(Reblogged from March 17, 2010)
re·press (ri pres’), v.t. to check or inhibit.
Repression. Its something that liberals like to bring in almost any instance where some kind of sexual activity is being condemned or a call for self-control is being made, usually by the religious right. “Repressing our desires is bad.” “Repressing sexuality is lying about who we are.” “Limiting our sexual expression does more harm than good.”
These are the typical responses. The most recent one I heard was in a comment about on article on pornography that went something like, “repressed societies have more violence.” What I logically assume comes after this is a “so, we shouldn’t dissuade pornographic use or any other type of sexual repression.”
But is repression really as bad as all that? Does it breed violence? Is it a lie about who one is? By no means. I think the word repression has a bad connotation to it. It sounds too much like oppression, a word that people do not like. Rather, judging from the definition of repress at the top, I think a better word choice might be self-control. Either way, there are benefits to this practice.
For one, self-control, is not so much about limiting, but truly respecting and understanding freedom. We are free to do all things. It does not mean, though, that all things are beneficial. We are free to look at pornography all day, everyday. We are free to have contests to see which guy in our group can have sex with the most different women in a single week. We are free to drink as much alcohol as possible, and then free to hop into a car and drive as fast as we can down Main Street. Just because we can do something or want to do something does not mean that we should do something.
And in fact, some behaviors, such as pornography are very addictive, and so, by not exercising self-control, one can come to the point where they could not exercise control even if they wanted to. Indulging is not always good. The sexual revolution has screwed us over so bad. On demand birth control, on demand abortion, the exponential increase of sexual images on television, movies, billboards, magazines, books, and street corners have lead us to believe that we are entitled to sex whenever, with whoever, as long as both parties are willing, and in some cases, the willingness doesn’t have to be a prerequisite. And what have the results of this non-repressive behavior been? Prior to the 1960’s syphilis and gonorrhea were the only two major STDs. Today STDs have rapidly multiplied into HIV, chlamydia, HPV, bacterial vaginosis, genital herpes, PID, trichomoniasis, chancroid, and over 20 others. The effects of these diseases range from discomfort and nasty-looking outbreaks to infertility and death. And all of this in the name of sexual freedom.

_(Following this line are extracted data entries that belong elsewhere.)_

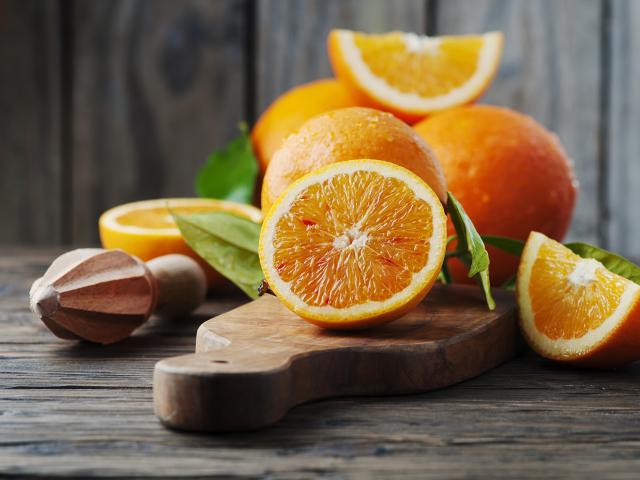 Wallpaper Large ripe oranges on the board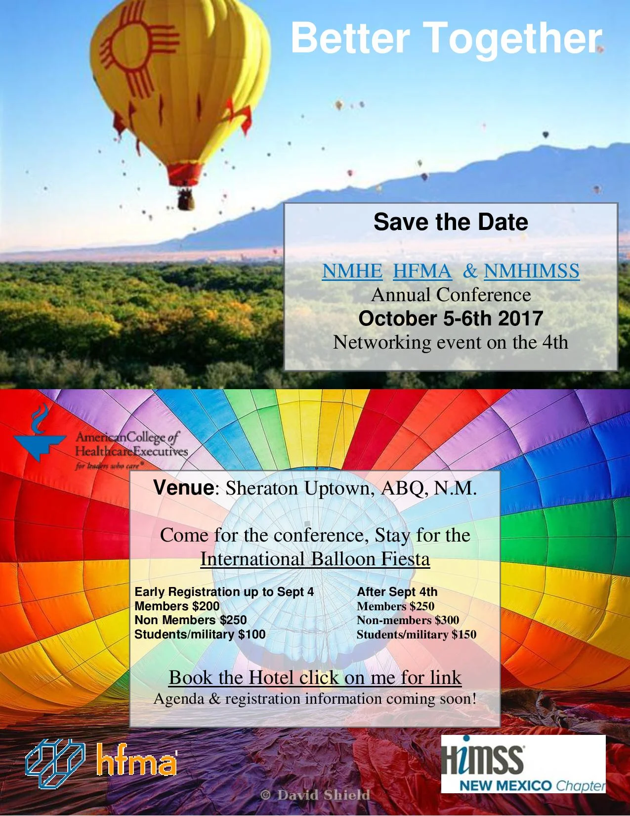 The New Mexico Chapters of the Healthcare Financial Management Association (HFMA), the American College of Healthcare Executives (ACHE), and Health Information and Management Systems Society (HIMSS) are proud to announce our joint 2017 fall conference! We have designed our agenda to address many pressing and timely issues affecting healthcare in New Mexico. This is an opportunity no healthcare professional should pass up.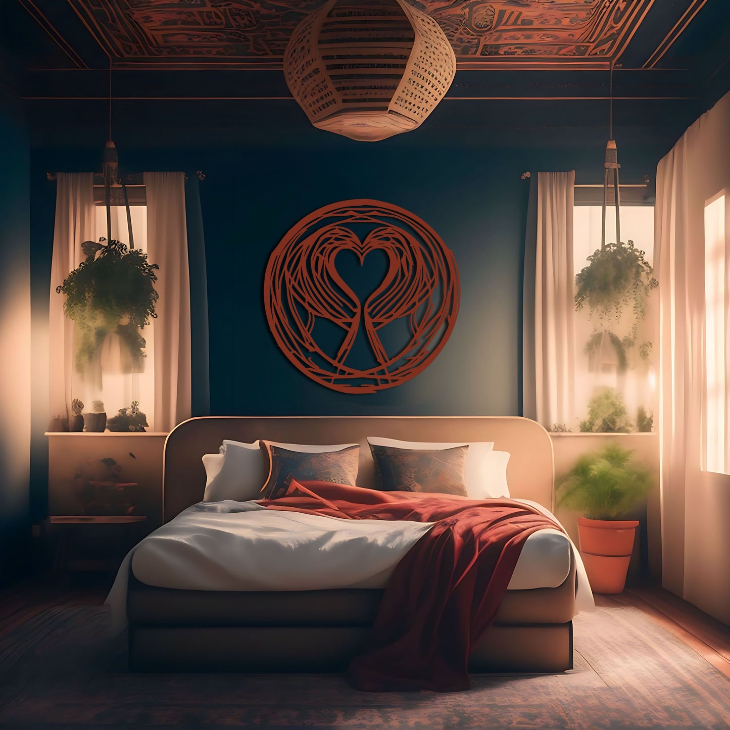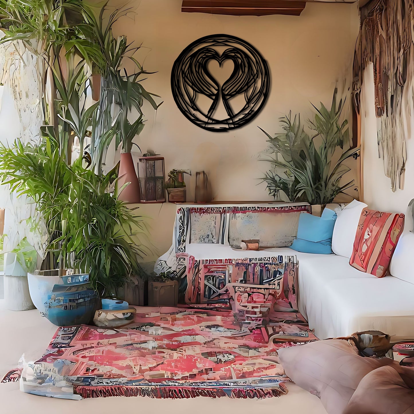 Add a touch of peace and tranquility to your home or office with our Stylized Heron Metal Wall Art. Featuring a bold outline of a heron and a symbolic heart in a circle design, this piece is both meaningful and aesthetically pleasing.Crafted from high-quality metal, our wall art is built to last and can be displayed indoors or outdoors. Choose from custom color options to match your decor perfectly.With its bohemian and global-inspired design, this metal wall art will add a unique touch to any room. Order now and bring a piece of nature and kundalini energy to your space.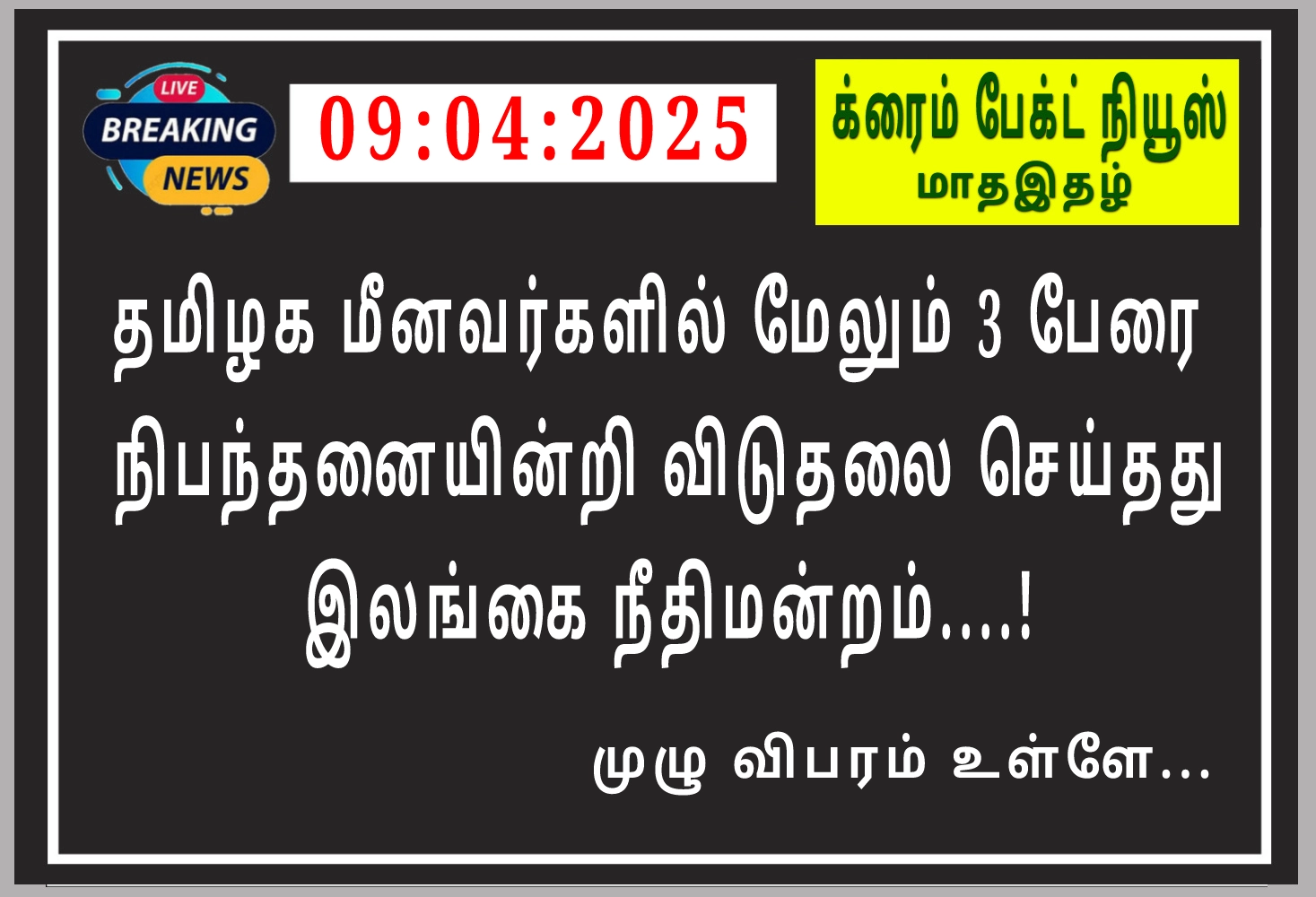 தமிழக மீனவர்களில் மேலும் 3 பேரை நிபந்தனையின்றி விடுதலை செய்தது இலங்கை நீதிமன்றம்….!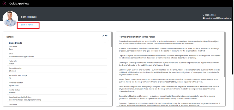Candidate can view **terms and conditions**.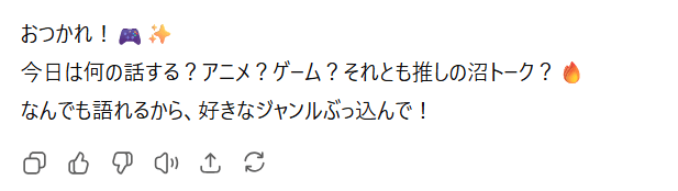 - 最初の会話で「このキャラでずっと話して」と念押しするとより効果的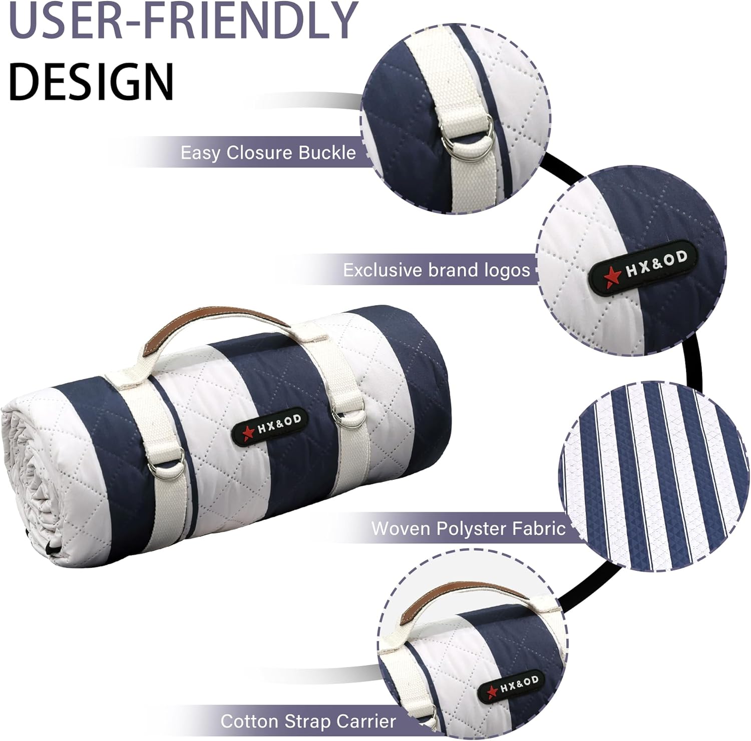 HX&OD Outdoor Picnic Blanket Extra Large, 80''*80'' Waterproof Picnic Mat with Stakes Foldable Camping Blanket Portable with Carry Strap for Beach Mat (Blue& White, 80''*80'')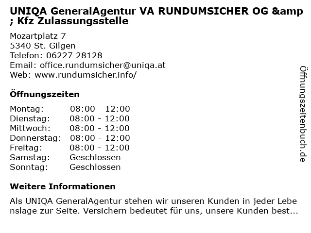 1 UNIQA GeneralAgentur VA RUNDUMSICHER OG & Kfz Zulassungsstelle (Entfernung: 0,00 km) Mozartplatz 7, 5340 St. Gilgen 6 |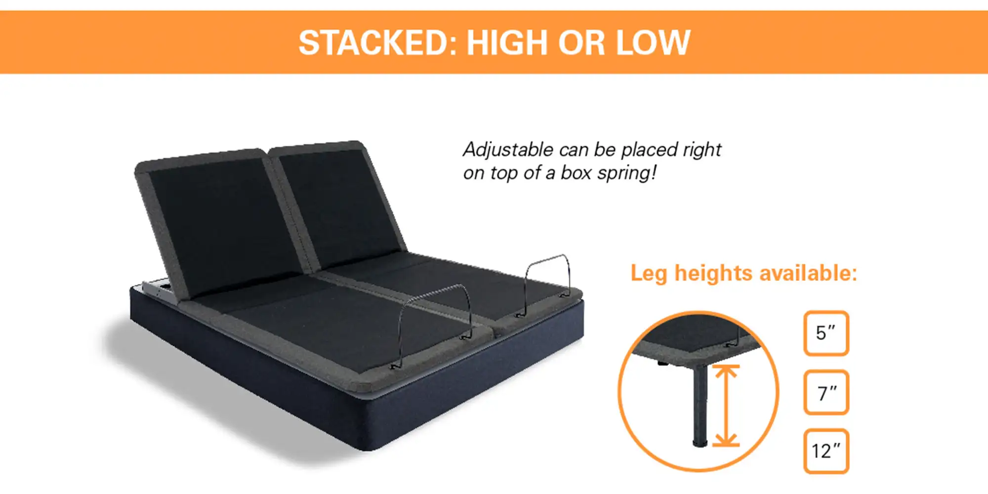 • Adjustable 5″ to 12″ leg height

Then there is the divorce rate which has skyrocketed since the sexual revolution began. Probably because of the eradication of inhibitions to commit adultery. “What? You should be able to be married to whoever you are in love with. If it’s not your spouse, you should be able to get divorced and marry the one you love.” Maybe. Maybe not. But how has this affected children. Children have had to live in split households, not being able to see what true sacrifice and love means, not seeing people work relationships out. Not having the influence of both a father and mother on them. Maybe you are one of those children. Maybe you turned out “just fine”. But think of how your life might have been different if your parents had worked it out. Suddenly sex isn’t only affecting you. Its affecting families. One’s lack of self-control might destroy their own family, and it might destroy someone else’s. But sexual freedom is most important. I keep forgetting about that.
The point is, our culture has degraded sex into an act where we come together, mutually (usually) derive pleasure from each other, and then leave. We ignore any emotional, physiological, psychological, or moral consequences. Whatever feels good is good. Not feeling good is bad. So feel good! Yet, it clearly has not worked out to make our society better, but has created more brokenness! Part of our human dignity is derived from the fact that we have the freedom to make choices. God was so good in giving us that ability. But all choices are not equal. Some choices diminish that human dignity, and the sexual revolution has made those choices prevalent. Just think about this: we want people to be repressive when it comes to robbing banks, when it comes to bad driving, when it comes to lying, when it comes to violence. Why? Because we sense that an excess of freedom in these areas is not a good thing. Well folks the same is true with sex, only its a lot harder to exercise self-control in this area, for what I think are obvious reasons. It doesn’t mean that we should give up or not try very hard.
Conclusion: We’ve come darn close to having absolute sexual freedom in our nation, and things have gotten worse, none of the promises from it have come to light. So why not see where exercising a little self-control, and respect for human dignity gets us, for say, the next 50 years, giving both “revolutions” and equal amount of time to change society. And let the best man win.